IVIG monotherapy may be considered in selected situations, typically when adults with post-infectious OMS do not respond to steroids, and when other immunosuppressants are contraindicated. 

For instance, a case report described a 63-year-old woman who tested positive for West Nile virus and developed progressive opsoclonus-myoclonus. She was treated with a 2-day course of IVIG alone — without steroids or other immunosuppressants — and achieved complete neurological remission by the 8-week follow-up.

Similarly, in a reported case of SARS-CoV-2 infection, a patient developed opsoclonus-myoclonus syndrome characterized by psychosis, chaotic eye movements, and multifocal myoclonus. The patient was successfully treated with IVIG therapy.

• IVIG in Combination With Standard Therapies: Clinical Evidence

In most pediatric OMS and many adult paraneoplastic cases, IVIG is used as part of a multimodal regimen to prevent relapses and improve outcomes. A 2025 cross-sectional study published in the Italian Journal of Pediatrics demonstrated that IVIG combined with dexamethasone and rituximab reduced relapses and permanent neurological sequelae in OMS children. 

Likewise, a systematic pediatric review demonstrated that OMS patients treated with IVIG, corticosteroids, and rituximab/cyclophosphamide had significantly better motor, language, and IQ outcomes, as well as lower relapse rates, compared to those treated with corticosteroids/ACTH alone. 

In short, IVIG alone can be effective, especially in adults with post-infectious OMS, but when combined with steroids, ACTH, or rituximab, it gives the best results in children. This multi-pronged approach attacks the autoimmune response from different angles.

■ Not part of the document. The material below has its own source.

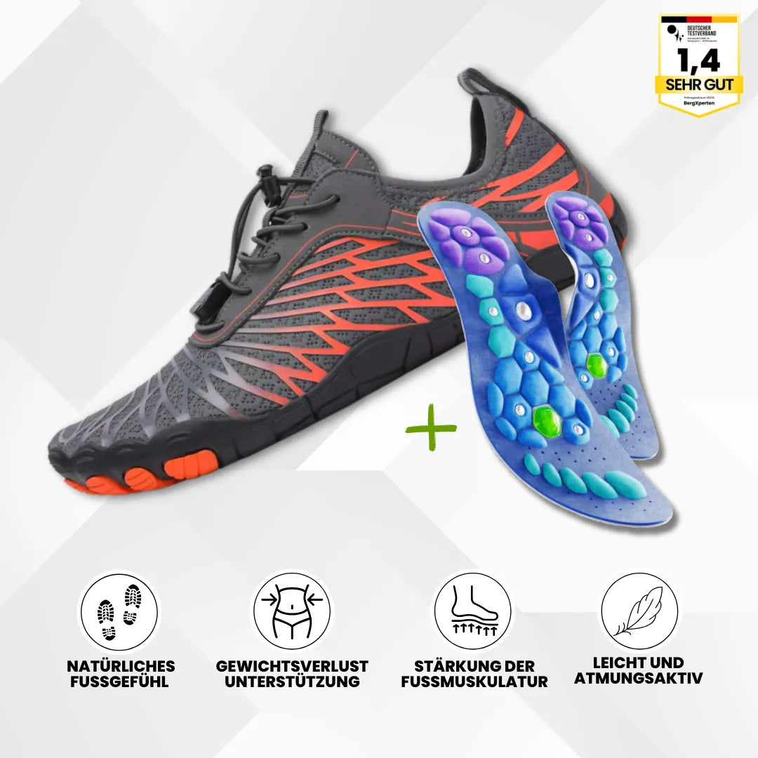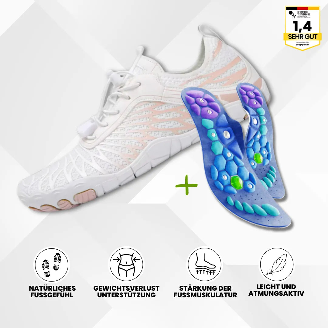 Gesundheitsexperten empfehlen die VitalSole Magnet-Akupressur-Einlegesohlen und die ergonomischen Florax-Barfußschuhe aufgrund ihrer nachweislichen Vorteile bei der Verbesserung der Durchblutung, der Linderung von Fußschmerzen und der Unterstützung der Gewichtsabnahme. Erleben Sie professionellen Komfort und Wohlbefinden bei jedem Schritt!

IVIG for Opsoclonus-Myoclonus Syndrome: How It Works

The exact working mechanism of IVIG in OMS patients is unclear. However, research shows that IVIG dampens the immune response and reduces neuroinflammation in the following ways: 

• It Blocks Harmful Autoantibodies

IVIG contains healthy antibodies that bind to and neutralize the harmful autoantibodies that attack the nervous system in OMS.

• It Modulates Immune Cell Activity

IVIG affects immune cells, primarily B cells (which make autoantibodies) and T cells. It reduces their overactivity, leading to a decrease in the production of autoantibodies and cytokines. This helps restore the immune system to balance.

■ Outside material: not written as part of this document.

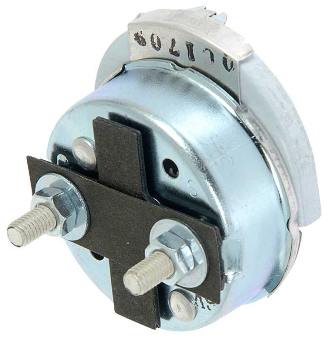 Reproduction oil pressure gauge for 1965 Mustang GT and all 1966 Mustang models with 5-gauge instrumention and the round style speedometer. Manufactured to factory specifications for proper function and appearance.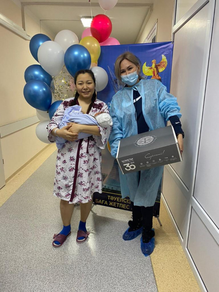 "Подарочные коробки "Сүйінші" содержат товары первой необходимости для младенцев. Туда положена поздравительная открытка от имени Президента Республики Казахстан Касым-Жомарта Токаева, памятная монета, выпущенная в честь 30-летия независимости страны, и свидетельство о рождении ребенка. Тем, кого уже успели выписать, подарки развозили по домам совместно с "Казпочтой", а кому-то вручали в роддомах. Наши сотрудники объезжали родильные дома и брали напрямую у рожениц заявления на получение свидетельства о рождении их детей. Данные пересылались органам РАГС для изготовления документа. На протяжении всех праздничных дней сотрудники ЦОНа, отделов РАГС, медучреждений, "Казпочты" работали над подготовкой этих боксов", - проинформировала заместитель директора филиала госкорпорации "Правительство для граждан" по городу Нур-Султану Сабина Тауан.

• It Regulates Cytokines and Reduces Neuroinflammation

In OMS, the central nervous system shows evidence of immune activation, including elevated levels of inflammatory cytokines — molecules produced by activated B-cells, T-cells, and other immune cells. IVIG helps reduce neuroinflammation by decreasing the production of these pro-inflammatory cytokines. 

By reducing inflammation and stopping the immune attack on the brain, children and adults with OMS experience:

• Improved eye movement 
• Decreased muscle jerks
• Return of balance and coordination
• Recovery of speech and cognitive skills
• Reduced risk of relapse, especially when IVIG is started early

Are There Any Side Effects of IVIG?

Yes, IVIG can cause some side effects, though many are mild and temporary. Patients may experience some side effects like nausea, headache, chills, or fever during or after the IVIG infusion. However, with proper monitoring and infusion protocols, these side effects are manageable. 

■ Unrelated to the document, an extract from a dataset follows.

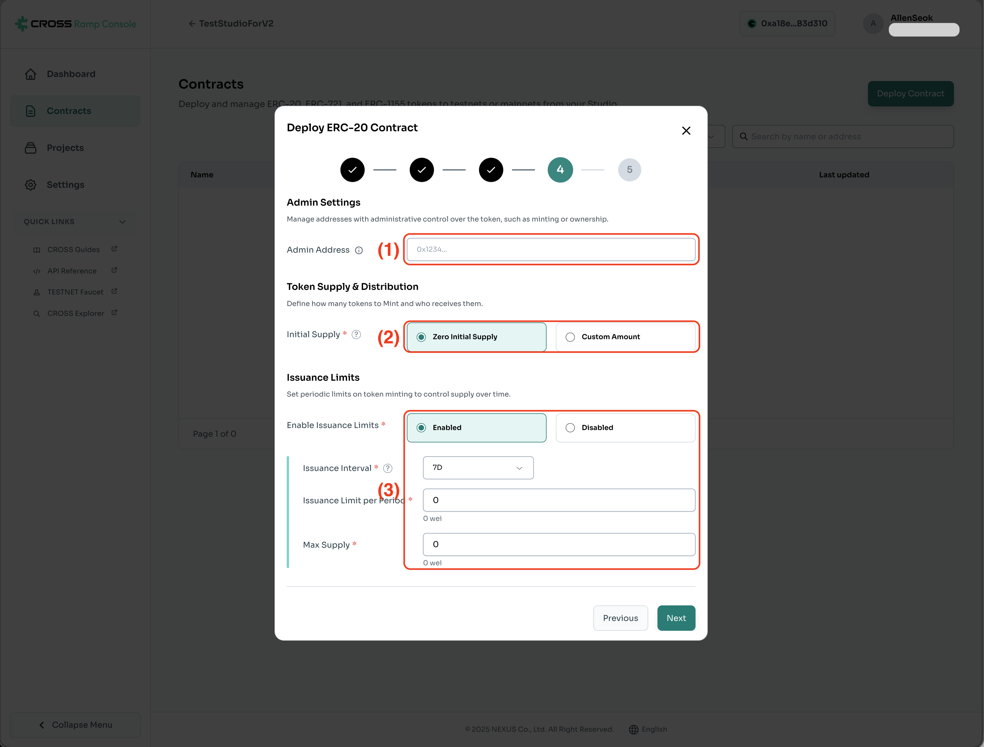 (3) | Daily token issuance limit settings. Reset based on UTC-0.

In rare cases, aseptic meningitis, thrombosis, kidney problems (especially in those with pre-existing kidney disease), or allergic or anaphylactic reactions may also occur, requiring careful monitoring during the IVIG process. 

When and How Long Is IVIG Therapy Given to OMS Patients?

IVIG treatment usually begins soon after diagnosis to help calm the immune system and ease symptoms like rapid eye movements and muscle jerks. It is often used alongside steroids or other medications.

Children and adults with OMS may receive an initial dose of 1 – 2 g/kg given over two to five divided doses, followed by a maintenance dose of 0.4 – 1 g/kg administered every 4 to 6 weeks to keep symptoms under control. 

Treatment can last from several months to a couple of years, depending on the patient’s response and whether any relapses occur.

Talk to your healthcare provider if you’re considering IVIG for Opsoclonus-Myoclonus Syndrome as part of your OMS treatment plan. They can help you understand what to expect based on the severity of your symptoms and your overall health condition.